TEK İSTEĞİMİZ KATİLLERİN BULUNMASI
Şehidin babası Behçet Durna geçen iki sene için, “Bu zamana kadar oğlumun katillerinin bulunamaması bizi derinden üzüyor. Artık yeter, oğlumun katilleri bulunsun. Hiç kimse ‘oğlun neden öldürüldü, kim öldürdü’ diye sormuyor. Biz sorduğumuzda bize hiçbir bilgi verilmiyor.
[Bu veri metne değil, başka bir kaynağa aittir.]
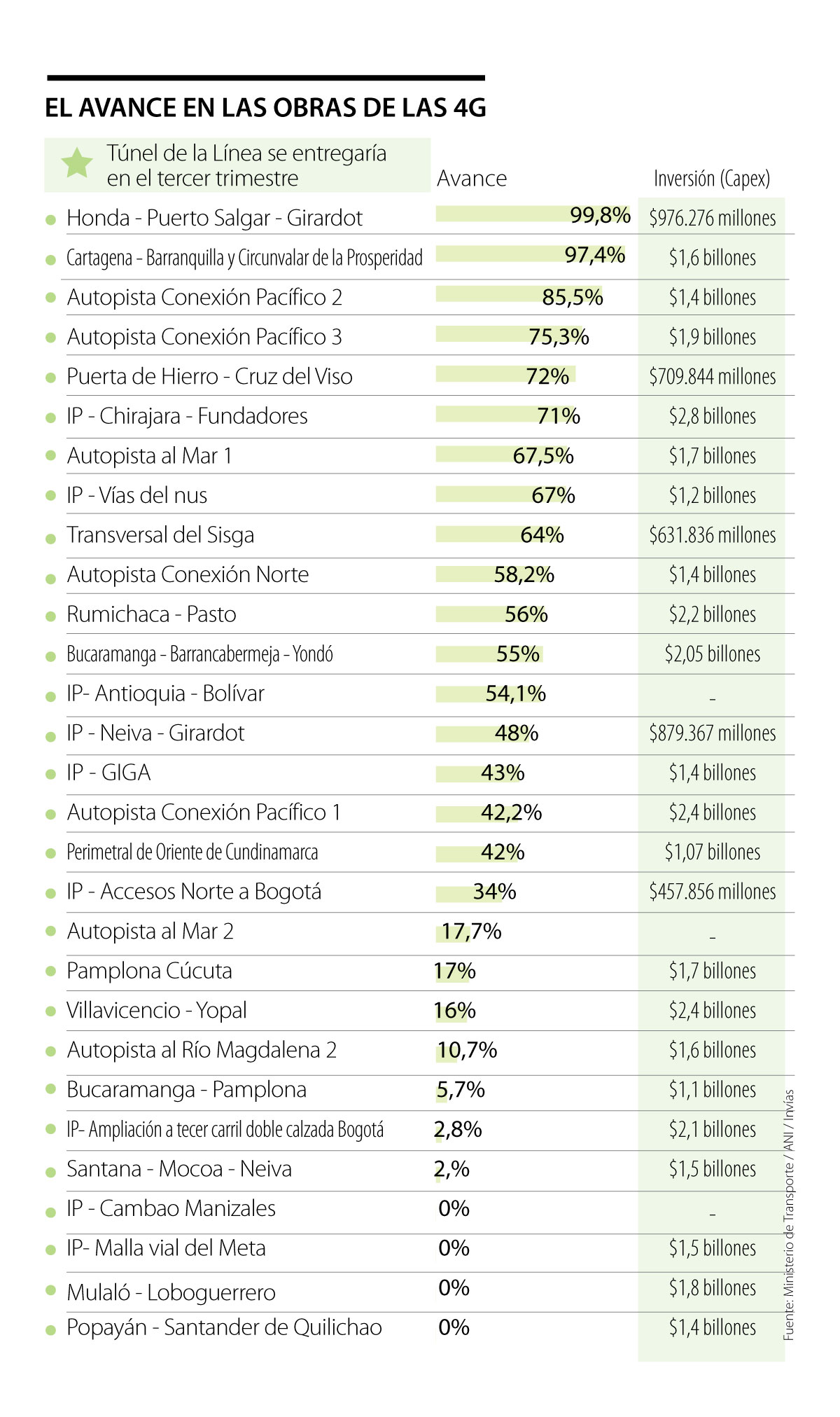 A esta se sumaría el tramo de Cartagena - Barranquilla y la Autopista Conexión Pacífico 2, los cuales, pese al impacto del covid, ya están a poco de terminar su ejecución. Mientras la primera registra un avance de 97,4%, la segunda de 85,5%.

Oğlumun katillerini örtbas eden, onların bulunması için herhangi bir çalışma yapmayan yetkilileri Allah’a havale ediyorum” şeklinde konuştu.

ŞEHADETİYLE İFTİHAR EDİYORUM
Acısı ilk günkü gibi taze olan şehidin annesi Hafsat teyze ise, “Oğlum bazıları gibi memleketine, insanına zarar veren biri değildi. Onun şahadeti ile iftihar ediyorum. Yetkililerden tek isteğimiz oğlumun katillerinin bulunmasıdır” dedi.
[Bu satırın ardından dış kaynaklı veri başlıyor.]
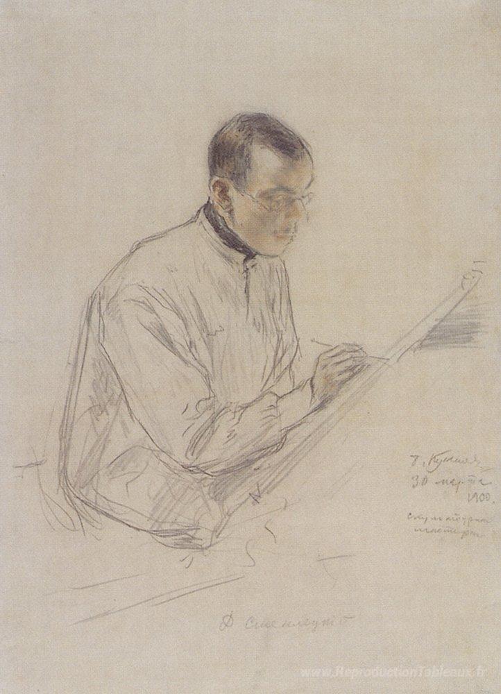 Nous vous proposons une reproduction artisanale sur toile du célèbre tableau 'Portrait de D.S. Stelletsky au travail' de Boris Kustodiev, provenant du Musée de la Reproduction.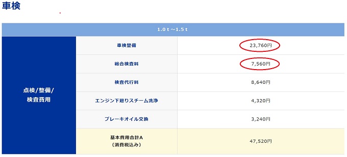 こちらの画像は、スズキ自販東京さんのHPに掲載されている車検基本費用(普通車1t~1.5t)ですが、このうち赤丸で囲った「車検整備」と「総合検査料」の合計31,320円(消費税8%込み)が無料になります。

ÇOCUKLARIMI BABALARINA YARAŞIR BİR ŞEKİLDE YETİŞTİRİYORUM

Şehidin hanımı Ayşe Durna da, “Eşimin katilleri geçen iki seneye rağmen hâlâ rahatça geziyorlar. Yetkililerin bu noktada bir şey yaptıklarını duymadık. Birçok olayın aydınlatıldığı, fail-i meçhullerin çözüldüğü bir dönemde eşimin katillerinin bulunamaması bizi derinden üzüyor. Bu acıyı artık içimize gömdük. Bir şehit hanımı olarak şükrediyorum. Bu noktada en büyük uğraşım, Allah’ın izni ile çocuklarımı babalarına yaraşır birer evlat olarak yetiştirmek olacaktır inşallah” ifadelerini kullandı.
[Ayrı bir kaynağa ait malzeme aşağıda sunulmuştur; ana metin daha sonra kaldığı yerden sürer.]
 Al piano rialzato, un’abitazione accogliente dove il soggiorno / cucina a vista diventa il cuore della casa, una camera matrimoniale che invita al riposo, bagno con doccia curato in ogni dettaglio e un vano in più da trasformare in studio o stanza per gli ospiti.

ŞEHİD UBEYDULLAH DURNA (1981 - 2011)
Ubeydullah Durna, 1981 yılında Yüksekova’nın Aksu Köyü’nde doğdu. Ailenin en büyük çocuğu olan Şehid Ubeydullah askerliğini yaptıktan sonra evlendi. Geçimini sağlamak için inşaatlarda çalışmaya başlayan şehid, iş hayatında sahip olduğu ahlak ile her zaman işini sağlam yapan ve sözünün arkasında duran biri olarak tanındı. Şehidin biri 8 yaşında Şehadet isimli, diğeri de 6 yaşında Hattab isimli iki çocuğu var. Yüksekova Mustazaf-Der Temsilciliği’nin şubeye dönüşmesi sonrası dernek başkan yardımcılığı yapan Şehid Ubeydullah, bu alandaki çalışmalarını daha da yoğunlaştırdı. Gençlere Kur’an dersi veren şehid, köylerinde birçok İslami programın gerçekleşmesine de öncülük etti. Yüksekova Mustazaf-Der’e yapılan her saldırı sonrası işini gücünü bırakan Şehid Ubeydullah, derneğin yeniden hizmete girmesi için elinden gelen gayreti gösterdi. Derneğin boya, sıva, çatı ve temizlik işlerinde kendini en çok gösteren isimlerden biri olan şehid, en sonunda kendi eliyle yaptığı dernek çatısı üzerinde 5 Mayıs 2011 Perşembe günü PKK/KCK tarafından yapılan silahlı saldırıda şehadete ulaştı.